Task statement: Wherever an image appears in the data, omit it and copy all the remaining text word for word.

Provided data:
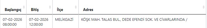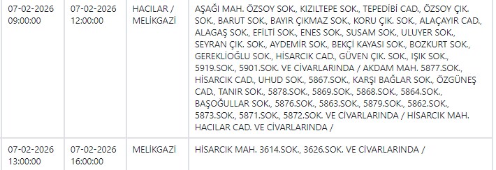 Buna göre yarın (7 Şubat) Melikgazi ve Hacılar'ın bazı mahallelerinde elektrik kesintisi yaşanacak.
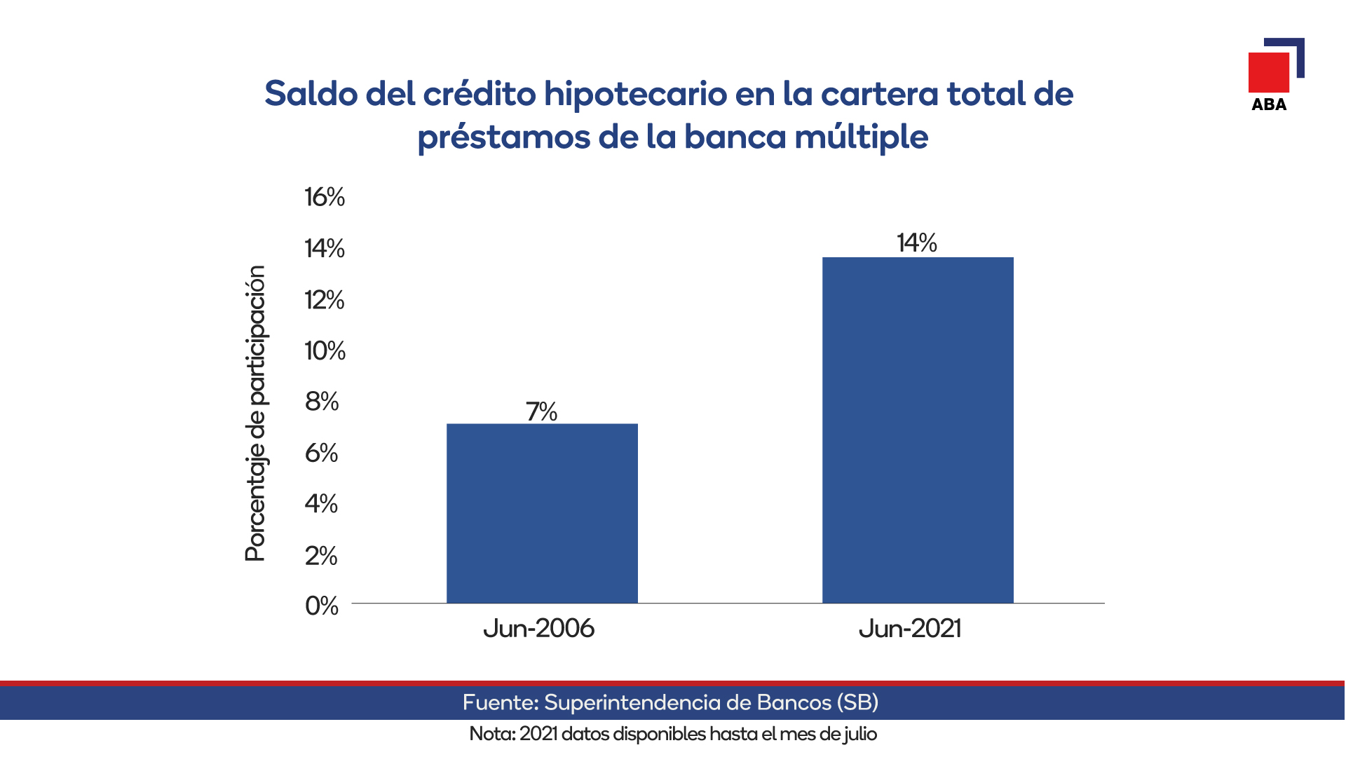 El gremio que agrupa a los bancos múltiples afirmó que esos resultados se ubican por encima de la cartera total que, durante ese mismo período, creció a una tasa anual promedio de 13.7%. Resaltó que, gracias a esa dinámica, el crédito hipotecario y para mejoras a la vivienda pasó de representar un 7% en 2006 a un 14% en 2021.
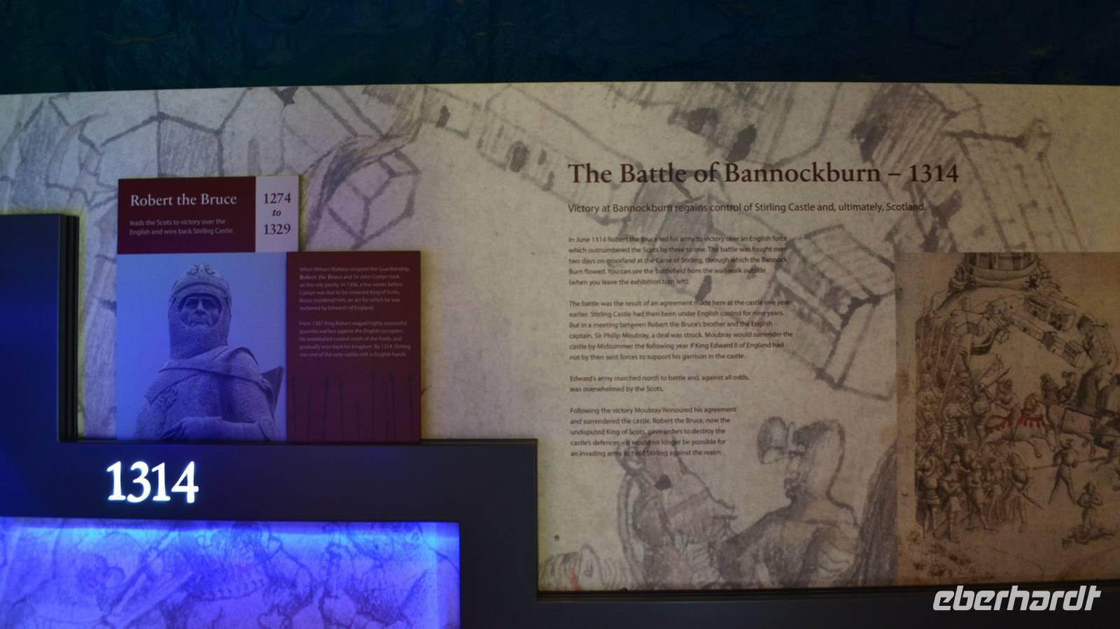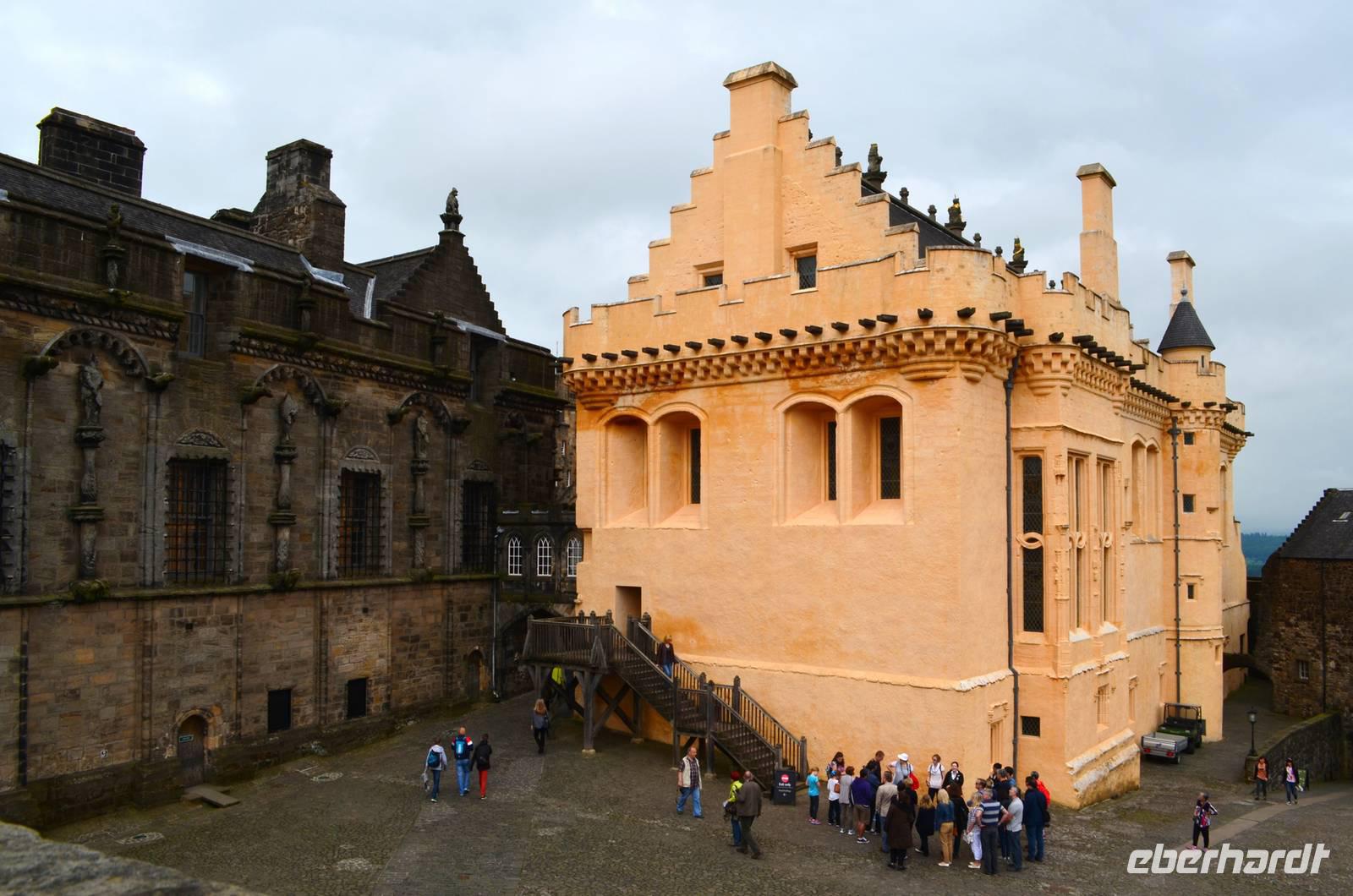 Ein Fotostopp unterhalb des Castle leitet unseren Besuch in der alten Residenzstadt der schottischen Könige ein. Durch die Innenstadt geht es auf den Burgberg hinauf, wo wir durch das Festungstor die Anlage von Stirling Castle betreten. Ausgestattet mit Orientierungsplänen beginnen wir die Besichtigung dieser sehenswerten Festungsanlage mit den darin befindlichen Schlossbauten. Besonders beeindruckend sind die Audienzräume mit ihren Wandteppichen und der neu restaurierten „Galerie der Könige" an der Decke.

Exercise output:
 Buna göre yarın (7 Şubat) Melikgazi ve Hacılar'ın bazı mahallelerinde elektrik kesintisi yaşanacak.
 El gremio que agrupa a los bancos múltiples afirmó que esos resultados se ubican por encima de la cartera total que, durante ese mismo período, creció a una tasa anual promedio de 13.7%. Resaltó que, gracias a esa dinámica, el crédito hipotecario y para mejoras a la vivienda pasó de representar un 7% en 2006 a un 14% en 2021.
 Ein Fotostopp unterhalb des Castle leitet unseren Besuch in der alten Residenzstadt der schottischen Könige ein. Durch die Innenstadt geht es auf den Burgberg hinauf, wo wir durch das Festungstor die Anlage von Stirling Castle betreten. Ausgestattet mit Orientierungsplänen beginnen wir die Besichtigung dieser sehenswerten Festungsanlage mit den darin befindlichen Schlossbauten. Besonders beeindruckend sind die Audienzräume mit ihren Wandteppichen und der neu restaurierten „Galerie der Könige" an der Decke.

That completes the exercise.